* Problem statement *
Repeat exactly the lines of the material below that run from the "Altar'd State Women's" line to the "and patterned trim" line, including both, and do not carry over any pictures.

* Information provided *
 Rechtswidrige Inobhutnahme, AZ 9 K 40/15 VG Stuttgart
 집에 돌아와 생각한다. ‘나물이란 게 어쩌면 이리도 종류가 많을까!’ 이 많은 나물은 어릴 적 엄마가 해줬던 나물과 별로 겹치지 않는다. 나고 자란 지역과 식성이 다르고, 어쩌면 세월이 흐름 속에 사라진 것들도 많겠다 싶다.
---
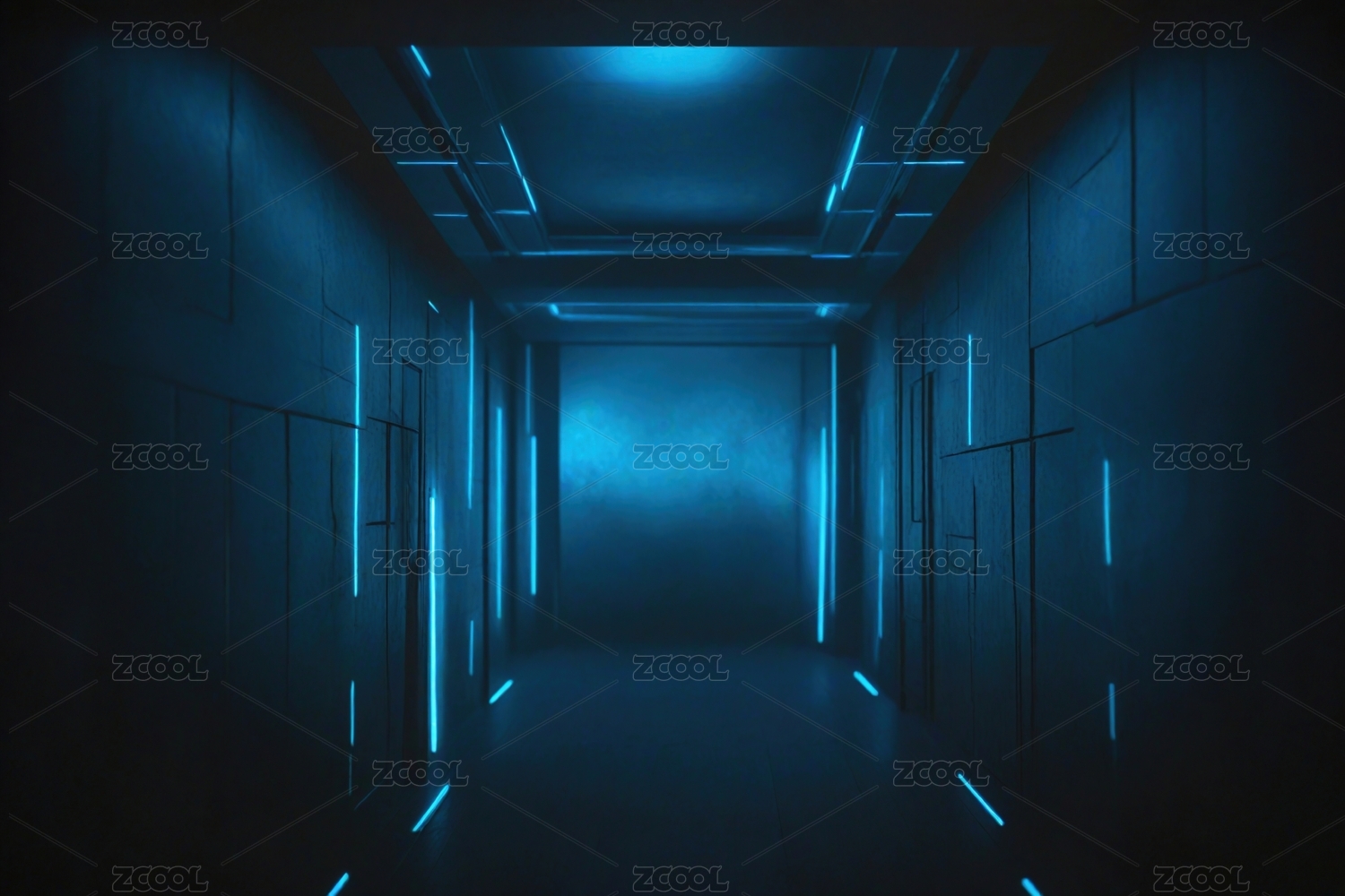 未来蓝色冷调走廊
...
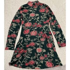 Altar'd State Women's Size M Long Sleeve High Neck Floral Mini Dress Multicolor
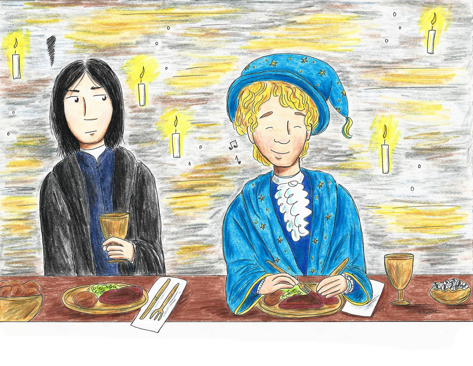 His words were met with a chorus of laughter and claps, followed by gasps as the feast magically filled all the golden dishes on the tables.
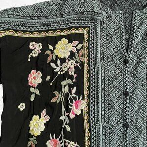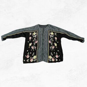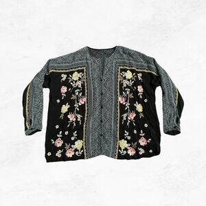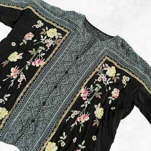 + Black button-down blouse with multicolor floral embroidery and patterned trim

* Written answer *
 Altar'd State Women's Size M Long Sleeve High Neck Floral Mini Dress Multicolor
 His words were met with a chorus of laughter and claps, followed by gasps as the feast magically filled all the golden dishes on the tables.
 + Black button-down blouse with multicolor floral embroidery and patterned trim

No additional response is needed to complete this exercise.